Anyway here’s the story. It’s the spring of the year and the nation of Israel is at war with a couple of different factions, but the King, that would be David is not there. He’s at home, in Jerusalem. His troops are fighting the Ammonites in Rabbah and David’s in Jerusalem. Now today that might not seem all that strange, after all the heads of states only start the wars and keep them going, they don’t actually fight in them, and in most cases they don’t even send their children to fight in them, but that’s a different story. In David’s day and age Kings went to war, they lead the troops, but not David, not this time. This time he’s home and one afternoon just after he had gotten up, honest that’s what the Bible says: 2 Samuel 11:2 Late one afternoon David got out of bed after taking a nap and went for a stroll on the roof of the palace. As he looked out over the city, he noticed a woman of unusual beauty taking a bath. So he gets ups from his afternoon nap, must be nice to be a king, and he’s taking a stroll around the flat roof of his palace and he looks over and this lady is out in her back yard taking a bath. And she’s not just any lady the Bible says that she was a woman of unusual beauty.

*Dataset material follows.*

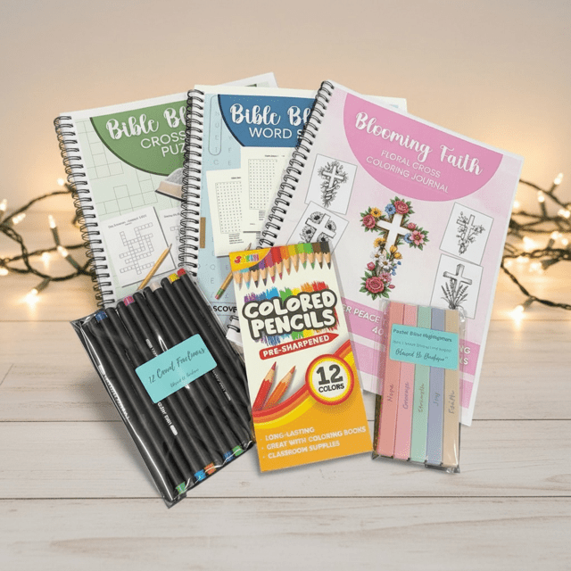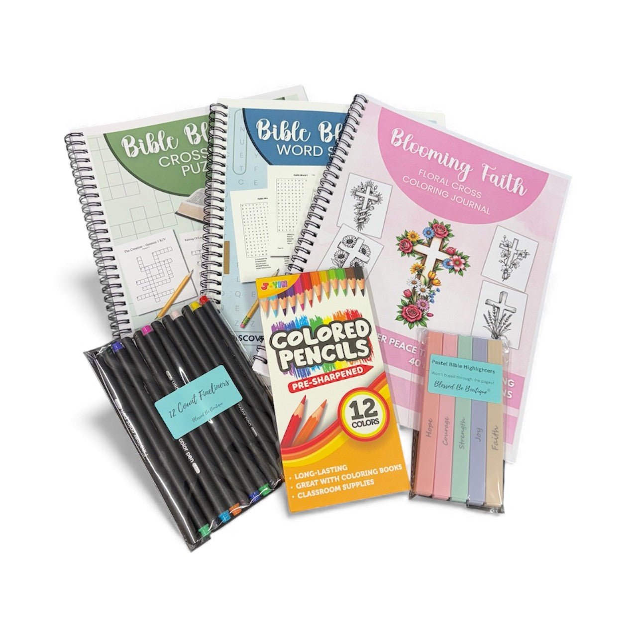 Bring a little joy and creativity into your quiet time! This bundle includes our Blooming Faith Coloring Journal, Bible Blessings Word Search, Bible Blessings Crossword Puzzle Journal, plus a full set of highlighters, coloring pencils, and Bible Highlighters. It’s everything you need for a peaceful, faith-filled moment to unwind, color, and stay connected to God’s Word. A fun and meaningful gift for anyone who loves to create.

Now I’m not saying that she ought not to be bathing in the back yard starkers, but I would think that when you neighbour’s house is much taller then yours that the thought might possibly cross your mind, “Hey this might not be such a good idea.” Regardless as the story goes David sends a messenger to fetch Bathsheba, and she arrives at the palace.

Now I don’t know why David invited her up in the first place, it might very well have been an innocent gesture. Maybe he wanted to warn her about the dangers of bathing in her back yard, or maybe he wanted to compliment her on her beauty, maybe he wanted to ask her about her husband because by this time David already knew that she was the wife of one of his troops, or maybe he wanted to show her his etchings. I don’t know. What I do know is that what ended up happening. The NLT says that “He slept with her”, but there must have been more going on then sleeping because in the very next verse she discovers that she’s pregnant and sends news to David of the consequences of their actions.

It was Helen Rowland who said “One man’s folly is often another man’s wife.”

Now I want to diverge here for just a minute. You have to put this into perspective to understand why Bathsheba got pregnant; I mean other then the obvious. The Bible tells us that that reason Bathsheba was bathing was that her religion required it. Huh? I know the ladies in the church all attend a shower together occasionally but that is different. Listen to what the Bible actually says in 2 Samuel 11:4 Then David sent for her; and when she came to the palace, he slept with her. (She had just completed the purification rites after having her menstrual period.) Then she returned home.

In the book of Leviticus laws are laid down for practically every facet of life in the Jewish community, in chapter 15 there is an entire section concerning women’s menstrual cycle. After a woman’s period ended she was considered unclean for another seven days, during which time she could not enter into sexual relations with her husband, after that seven days she went through a ritual cleaning process which involved ceremonial baths, and then the couple was free to do whatever it is that couples do. Now to us this seems a little strange, and not a just a little restrictive. But there was method to their madness. Unlike this generation that is obsessive about stopping pregnancies Israel was trying to become a great nation and to become a great nation you need people.